:: Work task ::
Please write out the entire listing below exactly, excluding its pictures.

:: The data ::
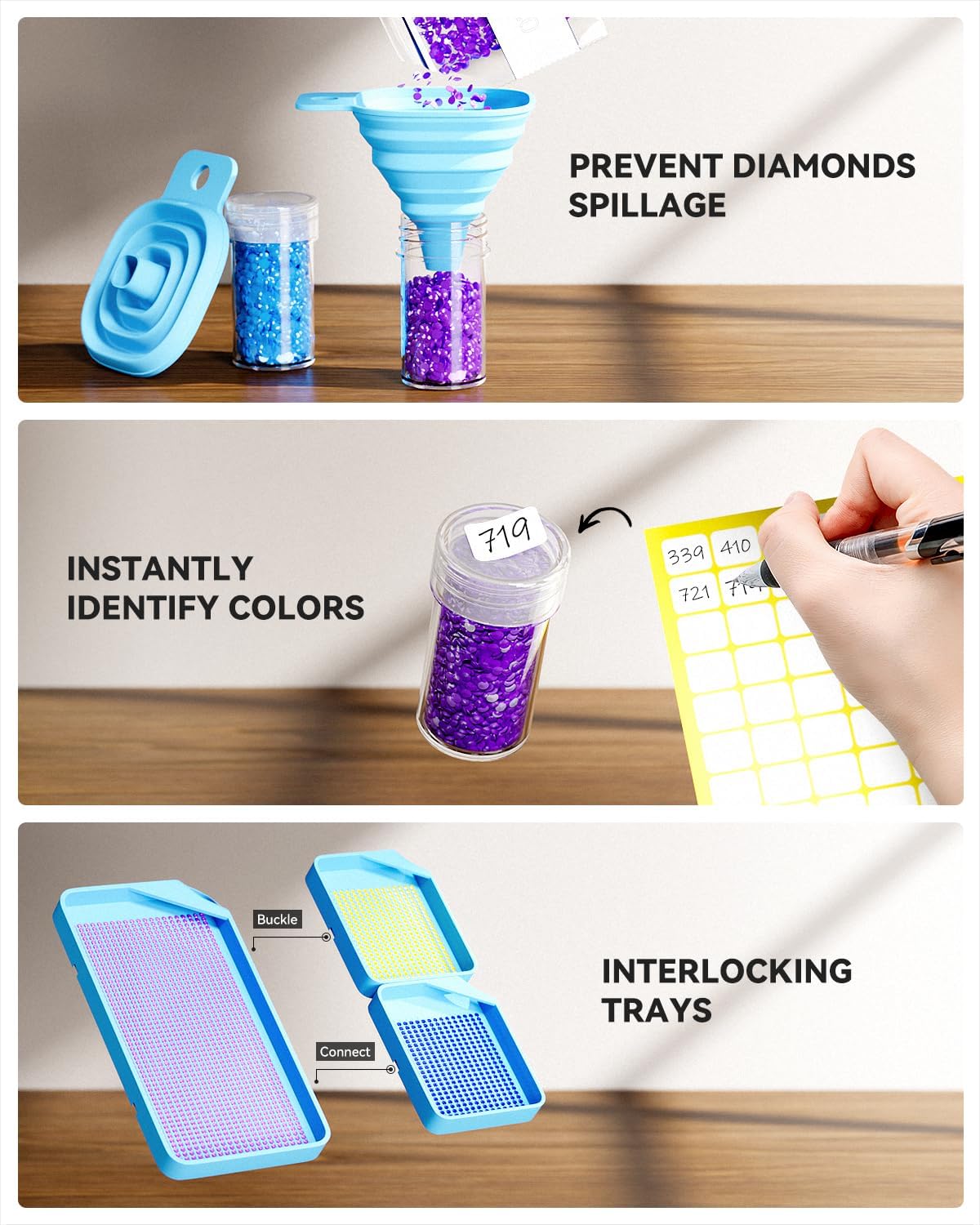 DIAMOND ART KEEPER – The screw on lids design ensures snug fit between cap and bottle, preventing diamonds from spillage during movement. The dual zipper structure prevents the bottle and accessories from falling out, enhancing safety during use
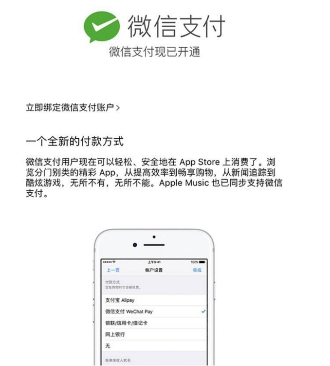 苹果官方声明称:“我们很高兴中国大陆的用户现可以使用微信支付购买他们喜欢的app或是订阅Apple Music。我们继续致力于在Apple生态内为顾客提供多种简单又方便的支付方式。”
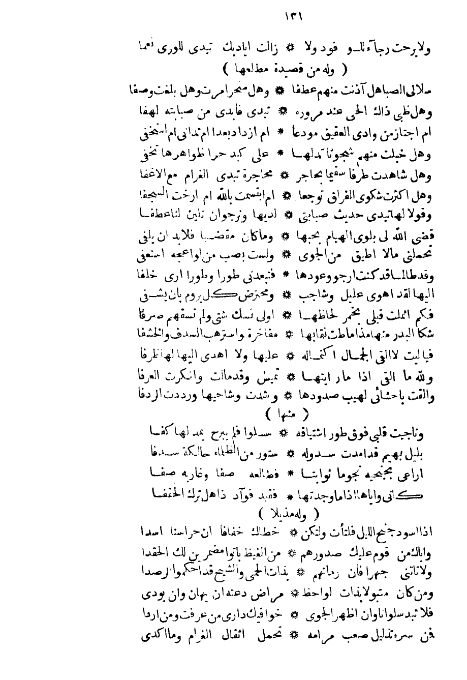 وهل ظبي ذاك الحي عند مروره ... تبدي فأيدي من صبابته لهفا

:: Response to this exercise ::
 DIAMOND ART KEEPER – The screw on lids design ensures snug fit between cap and bottle, preventing diamonds from spillage during movement. The dual zipper structure prevents the bottle and accessories from falling out, enhancing safety during use
 苹果官方声明称:“我们很高兴中国大陆的用户现可以使用微信支付购买他们喜欢的app或是订阅Apple Music。我们继续致力于在Apple生态内为顾客提供多种简单又方便的支付方式。”
 وهل ظبي ذاك الحي عند مروره ... تبدي فأيدي من صبابته لهفا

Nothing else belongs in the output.